DULUTH, Minn. - The previous day's moderate thaw is history. I stride along a refrozen trail at dawn. My ice cleats, stretched over a pair of running shoes, make a satisfying crunch with each footfall. It sounds like I'm stomping potato chips.

The trail is alternately old snow and new ice, the ice irregular and rutted by those who passed on foot or fat bikes when the trail was mush.

We all travel these April days in a phenomenon a friend of mine calls "the seasons between the seasons." Conditions vary day to day, and from one part of the day to another. It's what happens when we move about the land with a new season trying to come on and the old one trying not to let go.

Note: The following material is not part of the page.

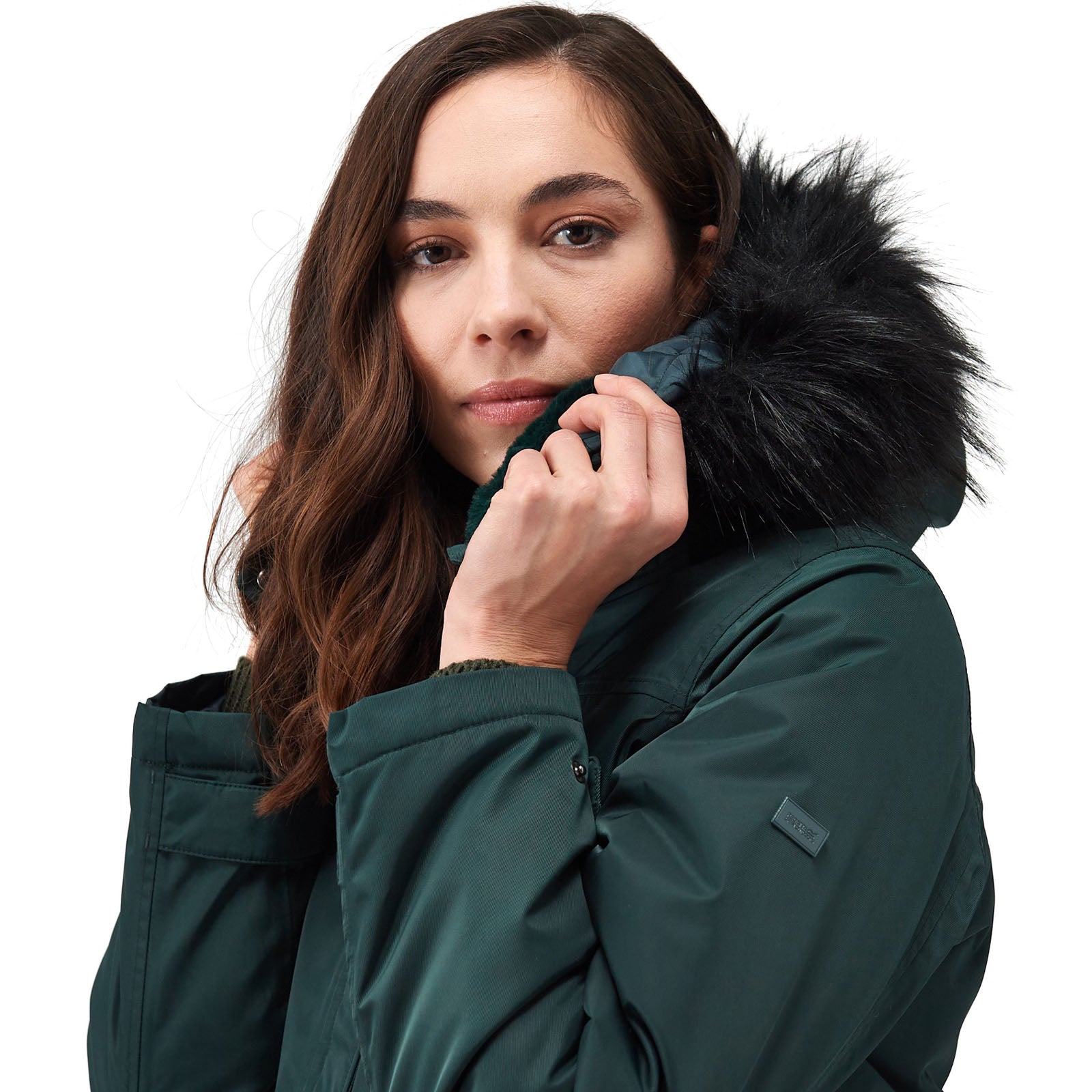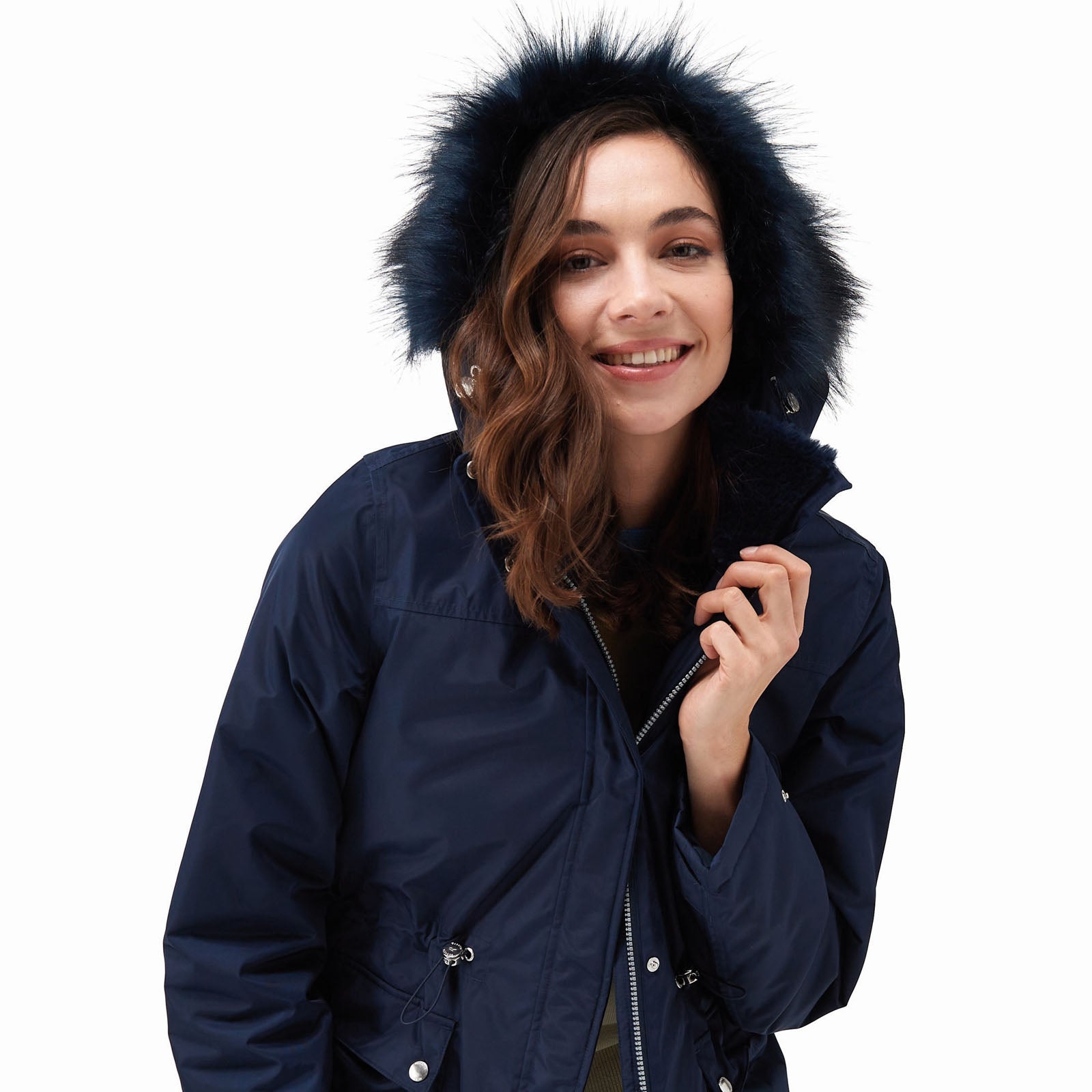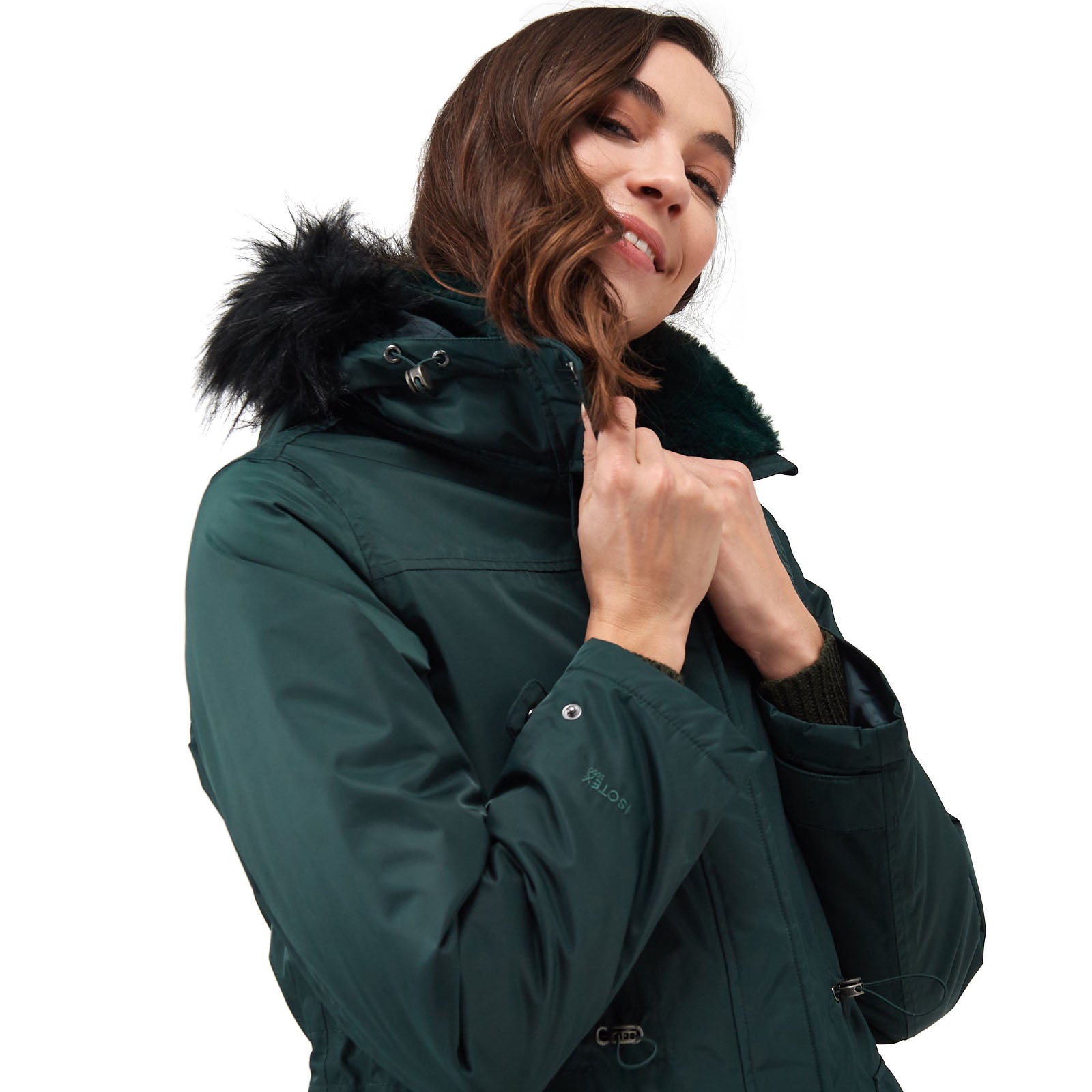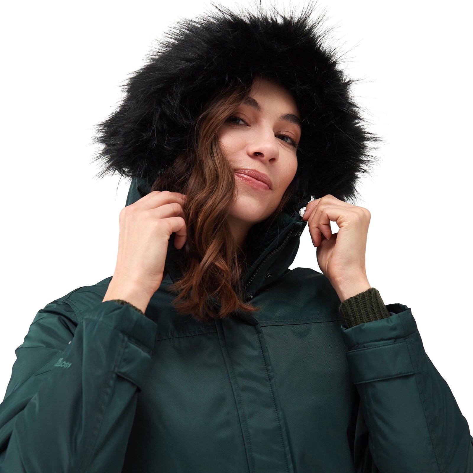 • Grown on hood with adjusters and luxury high pile faux fur trim

Some of the ice this morning is brittle and crinkly, and I take little-boy joy in crushing it as I pass. The sound of it breaking is excellent.

I'm surprised to spy the first furry nubbins of pussy willows in the brush. Winter may be giving up grudgingly, but the forces of nature do not always wait around.

From off to my west, I hear a woodpecker thumping a resonant tree with machine-gun-burst intensity.

"Hey, dudes," he tells other males of the 'pecker clan, "back off. This is my piece of the woods, and pretty soon, my fine mama and I are going to bring off another clutch of youngins to make sure the world has plenty of woodpeckers. I'd suggest you find your own territory."

I would hear him a half-dozen more times as I ran.

Then, over my rhythmic footsteps, I catch the high trumpeting of oncoming Canada geese - my first of the season. This requires a complete stop, bewildering the young yellow dog running ahead of me. The geese are coming our way, headed northwest, perhaps in hopes of finding some south-facing hillside with exposed grasses.

Here they come now over these woods, a half-dozen of them, still talking. I have never decided whether it's the sound of geese calling that touches something deep in my soul, or simply the elegance with which they cleave the morning sky. Or perhaps it's that I just want to rise up and go with them, fly in that formation, watch the country slip by beneath me - and see where it is they're going. They are the wild manifestation of flight, of discovery, of seeing what is around the bend or beyond the distant ridge.

Sign me up.

I suspect that in my last hours on Earth, if from the open window at my bedside I were to catch the far-off notes of passing geese, my eyelids would flicker briefly before I drifted away for the final time.

"I think he's gone," someone sitting nearby might say.

Oh, he will be gone, all right. Gone over the rivers and potholes, gone over the prairies that he and the yellow dog once trammeled, gone over the wild rice beds and the canoe country and the outstretched arms of the white pines.

Maybe that's why I stop to listen to Canada geese on an April morning. Maybe those are the calls of Mom or Dad or long-departed friends, just checking in.

Now the calling grows fainter and fainter, until I lose it altogether. The yellow dog looks up at me expectantly.

"OK," I tell her. "Let's go."

I begin crunching down the trail again, headed toward home and breakfast.